L’opera d’arte che ti fa dire: “questa avrei davvero voluto realizzarla io!”?

The Garden of Unearthly Delights di Matt Collishaw.

Un o una artista che avresti voluto esser tu:

Berlinde de Bruyckere.

Un critico d’arte o curatore con il quale avresti voluto o vorresti collaborare?

Uno serio.

Tre aggettivi per definire il sistema dell’arte in Italia:

Distratto, epigonale, non supportante.

In quale altro ambito sfoderi la tua creatività?

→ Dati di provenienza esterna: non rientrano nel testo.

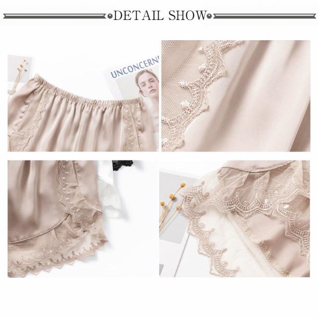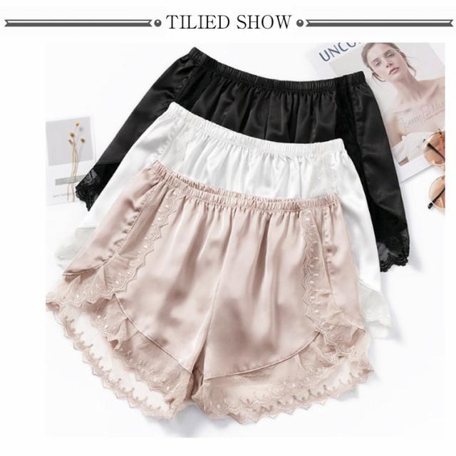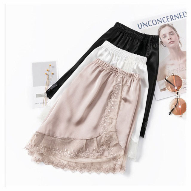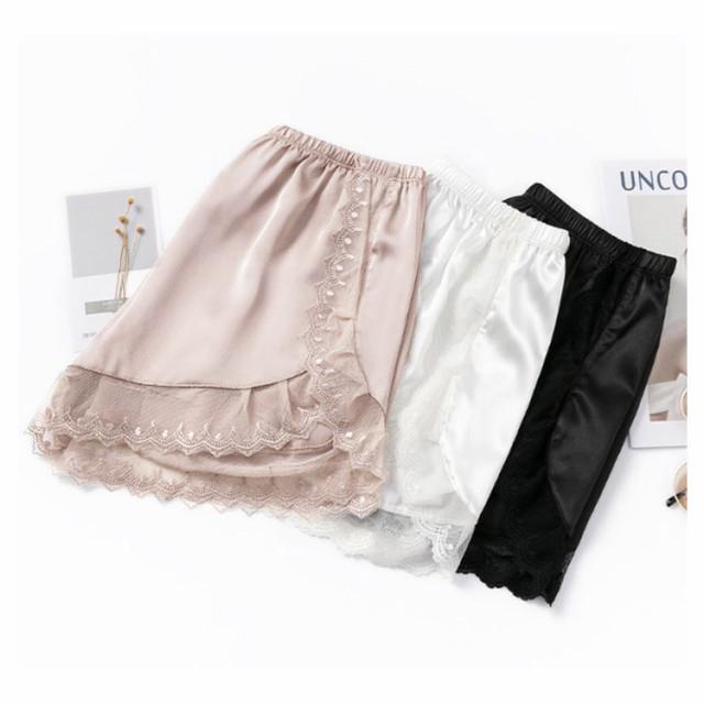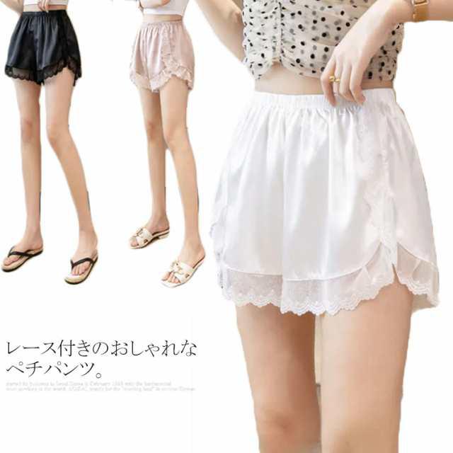 送料無料 ペチパンツ レディース 2枚セット ショートパンツ ボトムス ショーパン 見せパン 透け防止 ショート丈 春 無地 サテン レース おしゃれ 春 夏 秋

Canto musica antica, in particolare medioevale e sto imparando a suonare la viella (piccolo strumento a corde in uso nel medioevo). Anche qui il lavoro di ricerca è appassionante: lo studio delle fonti, i manoscritti originali, a volte difficilmente reperibili, il loro confronto con le trascrizioni “moderne”, che a volte non corrispondono. Spesso non è possibile dare un’interpretazione univoca, ma mi piace scavare, conoscere.

Work in progress e progetti per il futuro:

Continuare sulla strada di Sublimazione, ora che i problemi tecnici sono stati risolti, i fiori serviranno per un ciclo di opere sulla vita e la morte. Ma è un lavoro delicato, faticoso e lento. Ci vorrà un poco di tempo. D’altra parte tutte le mie opere richiedono pazienza e, quasi, meditazione durante la loro realizzazione. Un momento lungo e lento durante il quale il tempo si ferma ed esistono solo le mie mani, i mie occhi e l’opera. In quel momento sto bene. Nonostante al risveglio spesso il dolore fisico sia forte, ne è valsa la pena.

Il tuo motto in una citazione che ti sta a cuore:

Parafrasando: “Mi fa molto piacere aver conosciuto questa nuova cosa. Ora provvederò immediatamente a dimenticarla, per non occupare spazio prezioso nel mio cervello” (Sherlock Holmes di Arthur Conan Doyle).